When we think of the key people in a child’s life, it can be surprising that aunts and uncles are often not at the top of the list. We may think of parents, grandparents, siblings and even close family friends before remembering the joy of aunts and uncles. Aunts and uncles who don’t have children often muster up the energy that the child’s parents are lacking in. If an aunt or uncle have their own children, cousins can become lifelong friends making the bond between families stronger. If your own children arrive in the following years, you may find yourself a more confident and capable parent having benefited from experiencing the hardships of parenthood with your niece or nephew.
Part of the joy of being an aunt or uncle is enjoying the ‘fun’ parts of parenting with fewer responsibilities. There’s no need to wash their sports kit, nag about their homework or argue about keeping their bedroom tidy. The role of aunt or uncle can also include babysitting to give parents a much needed night off. Whether you choose to play a board game, let them stay up a bit later than usual, or read them an extra story or two, having you to do their bedtime can be a real treat. And mum or dad will certainly thank you for giving them a rare night off from parenting duties.
You may remember from your own childhood that it often wasn’t your parents that you confided in when you faced a problem or felt anxious about something. Aunts and uncles provide a safe haven for children to talk without embarrassment or fear of being punished. Children may hence find it easier to confide in their aunt or uncle, than they do their own parents.

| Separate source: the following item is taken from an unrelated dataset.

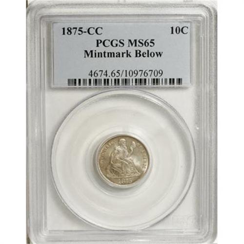<B>1875-CC 10C Mintmark Below Bow MS65 PCGS.</B></I> A frosty silver-gray that exhibits delicate tan accents on the obverse. The well-defined devices and luminous fields are equally clean. The Mintmark Below variant is slightly more elusive than the Mintmark Above. Population: 7 in 65, 1 finer (8/07).<B><BR></B></I><I>From The Beau Clerc Collection.</B></I><BR><BR><B>Coin Engraver:</B> Christian Gobrecht<BR><BR><b>Shipping:</b> Coins & Currency (<a target="_blank" href="http://www.heritageauctions.com/common/shipping.php">view shipping information</a>)

This process of disclosing mishaps or mistakes can begin at a very young age (“I drew on my bedroom wall”), to teenagers (“I’m being bullied at school”), right through to adulthood (“I’m having trouble at work”). It is important, however, that your niece or nephew know that you won’t put up with misconduct, and will express your disapproval of poor behaviour.
Being an aunt or uncle is a position of privilege; allowing your niece or nephew to talk to you without worrying too much about repercussions or parental disappointment. Children may also value that the advice you give has a higher level of objectivity, compared to their parents. However, rather than letting them get away with something, your response needs to be rational to ensure a positive influence on future behaviour. Being an aunt or uncle puts you in the position of life teacher or role model. Your reaction and advice should encourage them to want to be the best they can going forward. When you lead by example, it’ll be easier for your niece or nephew to see the standards expected of them.
The role of aunt or uncle can even help to bridge gaps that have formed between teenagers and their parents. In difficult situations, you can step in and help children communicate with their parents, acting as their mediator or counsellor.
Whilst an aunt or uncle used to be thought of as a distant relative who sends money in a birthday card once a year, the role is now much more involved. Aunts and uncles often offer things that parents cannot, and this is most noticeable if your niece/nephew shares similar interests. From visiting art galleries, to travelling, or simply enjoying a similar genre of film, aunts and uncles can play an active part in encouraging a child’s interests that their parents may not have had the time or inclination to nurture.
Being an aunt or uncle with a close bond to your niece or nephew will allow you to enjoy watching them grow and develop from a baby, to a child and into an adult. At every stage, you have something different to offer them; fun, guidance, support and friendship.
That, to us, is why being an aunt or uncle is the best thing. Are you an aunt or uncle? What’s it like having nieces and/or nephews?